What of the Elses? What thoughts flooded them when they watched Norman on the evening news, arriving in Perth flanked by plainclothes officers who carried him down the aeroplane steps and wheeled him across the rain-slicked tarmac? They knew now with whom their little girl had spent her final hours, if not entirely how. Norman was not talking, and who else would tell? Not-knowing spawns imagining, but maybe knowing-every-bit-of-it is worse.

‘He doesn’t look as if he has it in him, does he?’ Rosemary said, as we looked at his photograph between us, a double-page spread in a magazine she’d picked up with her groceries, already ringed with a circle of tea.

She was right, of course—he didn’t look as if he had it in him, and he hadn’t for a long time.

‘I’m sorry,’ he’d said the night I found him. Six weeks after Jessie Else went missing. The night I took him home and handed him back to his wife.

‘No more,’ she must have made him promise in Adelaide, and again in Perth. Promises he broke. So, in the salt-whipped house beyond the headland, she’d put her foot down hard enough to crack a tile, and made sure, promise or no, that Norman did not work as well as he’d have had to if he’d wanted to catch a little girl and keep her still long enough to do what had been done to Jessie Else.

‘I’m sorry,’ he’d told me.

But sorry for what?

Certain things had not been done to Jessie Else; things that had been done to all the other little girls; things they had been taken to be done with.
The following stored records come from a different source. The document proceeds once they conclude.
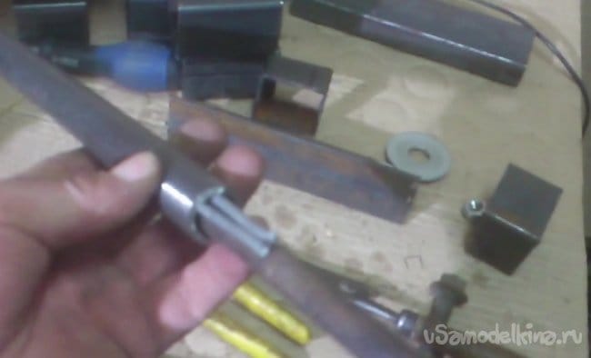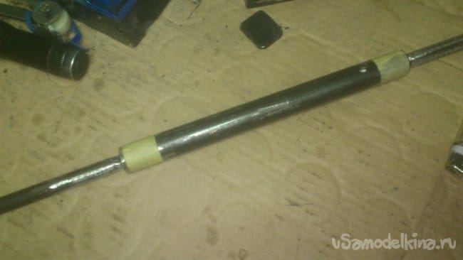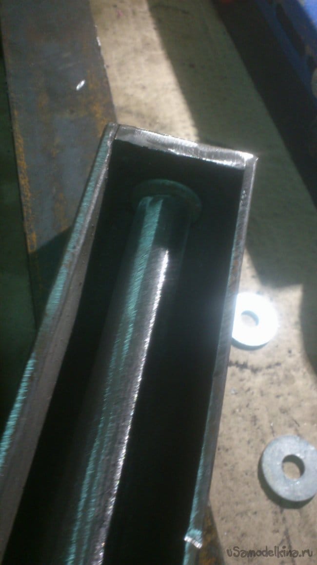 Теперь на вал одеваем шайбы(компенсировать люфты, которые появились, когда я зачищал болгаркой торцы), одеваем на него поводок и вставляем внутрь короба: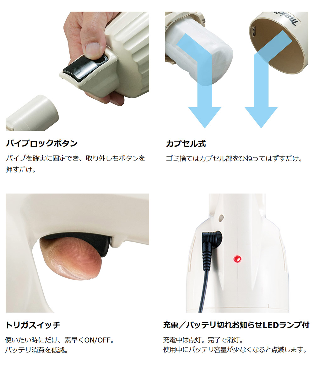 使用時間アップ&軽量で使いやすい Li-ion10.8Vバッテリ内蔵式、カプセル式+トリガスイッチモデル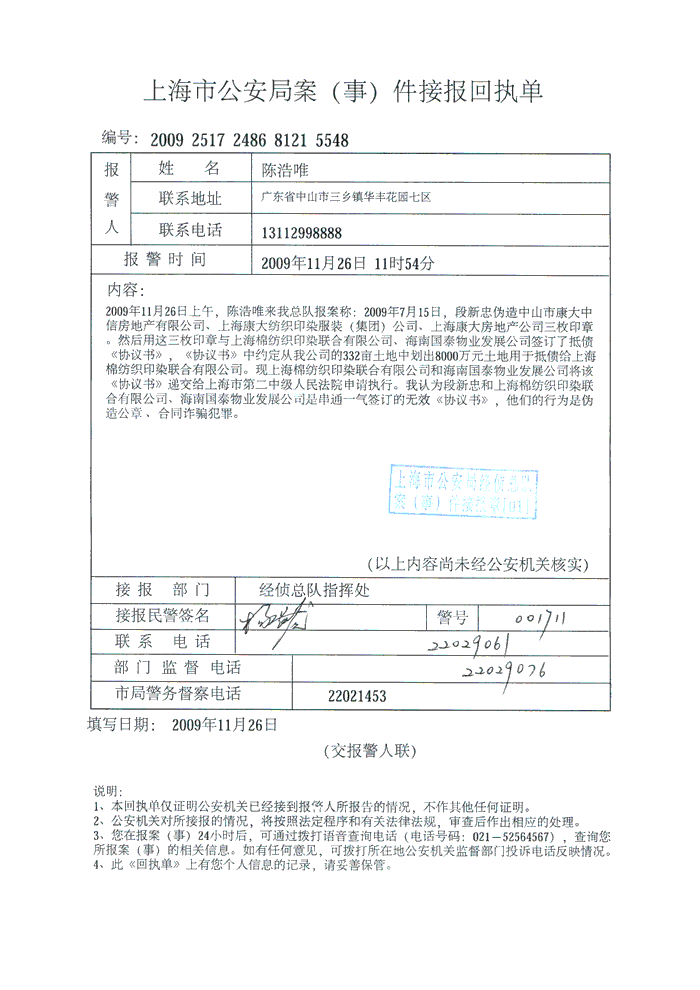 上海康大房地产公司在2002年已被吊销工商执照,公司公章之后亦被收缴,而中府国用(出)字第0025号国有土地使用证的权利人,由始至今仍是登记在中山市康大中信联合房地产有限公司名下,该公司的法人代表为本人陈浩唯,至今从未变更过。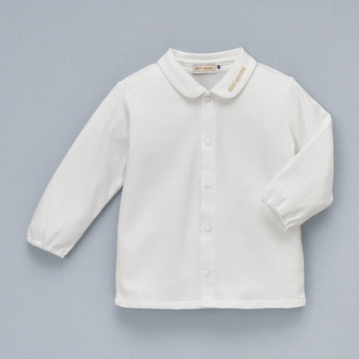 左の襟元にに金糸でミキハウスロゴをあしらった長袖ブラウス。上品でシンプルなデザインだからこそ、上質感が伝わる一着です。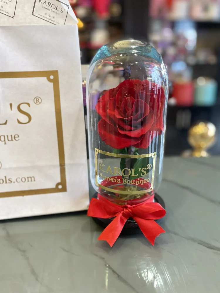 HERMOSA ROSA NATURAL DESHIDRATADA ENCAPSULADA DE LA BELLA Y LA BESTIA TIEMPO DE DURACIÓN 5 AÑOS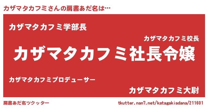| 胡散臭い通販商品みたいなあだ名 | 『億万長者になれる霊験あらたかなお札…その名も「カザマタカフミ」』 |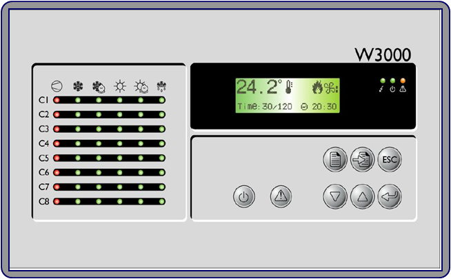 2. 機(jī)組控制與運(yùn)行管理:先進(jìn)的W3000 微電腦智能控制系統(tǒng),內(nèi)置克萊門特特殊設(shè)計(jì)的控制算法,更加突出機(jī)組的節(jié)能性和可靠性:FIFO 壓縮機(jī)運(yùn)行時(shí)間均衡功能,延長(zhǎng)整機(jī)壽命;自動(dòng)負(fù)荷調(diào)整輸出功能,節(jié)能節(jié)電;通過與壓縮機(jī)的減載系統(tǒng)相配合,實(shí)現(xiàn)25-100%無(wú)級(jí)調(diào)節(jié);運(yùn)行參數(shù)調(diào)整和設(shè)定,適應(yīng)不同環(huán)境應(yīng)用;溫度壓力保護(hù)采用模擬量測(cè)量,可以預(yù)測(cè)預(yù)防故障發(fā)生,增加可靠性。

Not all truths come out. What’s done is done. For better or worse, Norman would take the blame, because for all the coals that Lily heaped upon his head, she had cared for and protected him as well. The anger in her pockets made her scratch, but for a long time she had combed his hair, brought him to Eddie on her arm to sit on warm steps and feel the breeze blow through a shirt she’d pressed and buttoned. When she took him home, she sponged the red dust from his creases, boiled the kettle, and set good meals before him.

There was anger in her pockets, but once Jessie Else was found, and Eddie was arrested, and Rosemary’s chance at a Life Like That began to slip away, there were other things, lumpy things that could not be lost in corners. Fear and shame pushed pins beneath an old man’s fingernails, pressed the flaking stubs of cigarettes into papery skin.

‘Have faith,’ she’d said. In me, she meant. Have faith in me, Lily, Helen Haxby, wife, secret-keeper and pin-sticker. Friend. For all her bitter words, she was a loyal friend; and for all the secrets she kept, she stood by every promise.

‘I won’t do it again,’ Norman told her, the night I took him home.

Perhaps she promised him the same thing, waiting by the kettle in the creamy light of early morning. ‘I won’t do it again. Don’t run away. Don’t you leave me here alone.’

Why would he? How could he?

‘We’re alright, love,’ I hear her tell him. ‘We’re safe out here. No one’s coming.’

But oh, how her cup must have rattled on its saucer.